Friday, January 27, 2012

GERGASI

JIKA ada kota yang terasa menelan semesta yang hidup di sekelilingnya, kita harus mengunjungi London. Gedung-gedung menjulang, berat, kokoh, dengan gaya ghotik yang purba. Sementara jalan-jalan menyempit, hanya konblok yang menampung dua taksi hitam yang mengingatkan pada cerita-cerita Agatha Christie. Bus-bus merah bertingkat hilir mudik, mengangkut manusia ke beragam tujuan yang tak final.

Manusia yang memiuh dan memenuhi trotoar jadi mengecil. Kita tak berarti apa-apa di antara keriuhan itu, bahkan jika Anda berperan sebagai Sherlock Holmes atau M. Hercule Poirot sekalipun.
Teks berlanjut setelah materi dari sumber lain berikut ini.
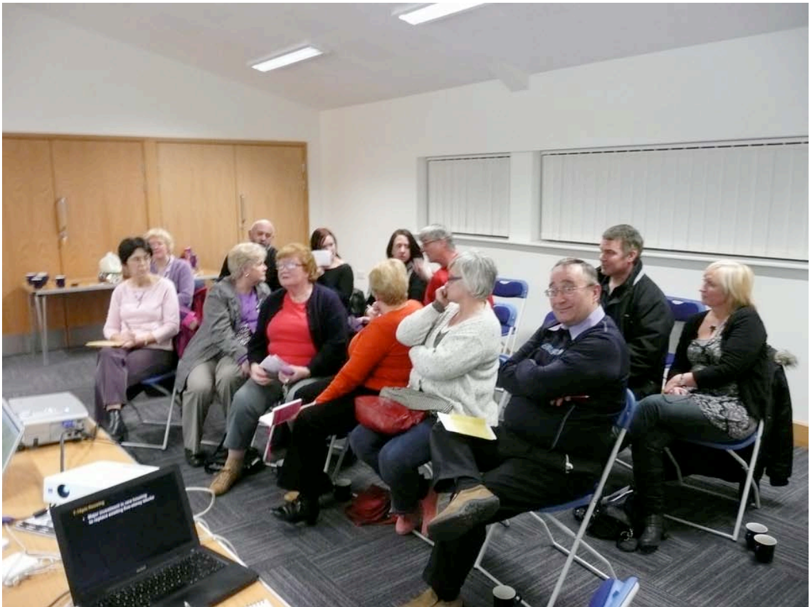
Figure 9. Team Event 3: Draft Regeneration Framework

Kota ini seperti tak ingin dikalahkan oleh kecerdikan apapun. Dan sejarah telah mengekalkan kemenangan itu pada batu-batu gerbangnya yang padas, pada bata merahnya yang lawas.

Barangkali seperti New York.

Dalam cerita-cerita Umar Kayam, misalnya Seribu Kunang-Kunang di Manhattan, New York juga menelan manusia-manusia di dalamnya seperti seorang rakus melahap kue tart: tak pernah kenyang, selalu meminta, dan senantiasa lapar. Kota-kota kosmopolitan pada akhirnya menyediakan mulut yang superlebar. Kita masuk ke dalamnya dan terasing di dalamnya.
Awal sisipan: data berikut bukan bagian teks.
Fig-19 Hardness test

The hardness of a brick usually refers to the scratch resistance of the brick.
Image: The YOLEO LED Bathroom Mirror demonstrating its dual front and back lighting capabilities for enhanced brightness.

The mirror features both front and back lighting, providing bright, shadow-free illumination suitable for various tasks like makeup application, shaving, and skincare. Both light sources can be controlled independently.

London kini punya problem itu. Seorang pejabat Kementerian Luar Negeri mengeluhkan kian derasnya orang-orang Eropa Timur atau dari belahan dunia manapun masuk ke London. Di keramaian dan pedestrian, kita bisa mendengar pelbagai macam bahasa diucapkan. Seorang Armenia penjual mainan di dekat kedai pinggir Trafalgar Square tiba-tiba saja berteriak, "Ayo, murah-murah..." Mungkin karena melihat wajah melayu saya.

Mau tak mau, suka tak suka, merekalah para imigran ini yang menopang ekonomi London, bahkan Inggris, karena mereka mau dan bisa bekerja apa saja, bahkan pekerjaan paling kotor sekalipun. Mereka juga rajin. Sebab itu para majikan senang.

Dan para majikan mungkin kini juga datang dari luar. Di daerah Soho, dekat Picadilly Circus, seorang pengusaha berhitung di daerah situ restoran dan warung makan hampir sebagian besar dimiliki orang asing. Bar Italia, restoran Cina, warung Jepang, kari India.

Tapi ada juga yang menuding, para imigran juga menyebabkan problem sosial yang mulai serius. Mereka yang tak rajin dan tangannya tak terpakai para majikan, berkeliaran di jalan. Seorang ibu asal Nothing Hills mengingatkan agar berhati-hati dengan dompet dan uang: copet bisa dengan lihai merogohkan tangannya ke dalam tas kita.

Pertumbuhan ekonomi yang sudah mentok di kawasan Eropa membuat beban pemerintah kian berat di negeri sosialis seperti Inggris. Karena itu usia pensiun tak lagi dibatasi agar beban APBN tak habis mengongkosi mereka yang sudah tak produktif. Tapi akibatnya--karena ekonomi mandeg dan investasi surut--lapangan pekerjaan tersendat sementara usia kerja--anak-anak muda yang butuh uang untuk pesta dan pelesir--terus tumbuh dari tahun ke tahun. Karena itu kebijakan itu jadi debat dan dikritik bisa jadi bumerang pengangguran.

Tapi begitulah problem sebuah kota, gergasi yang tak pernah mati.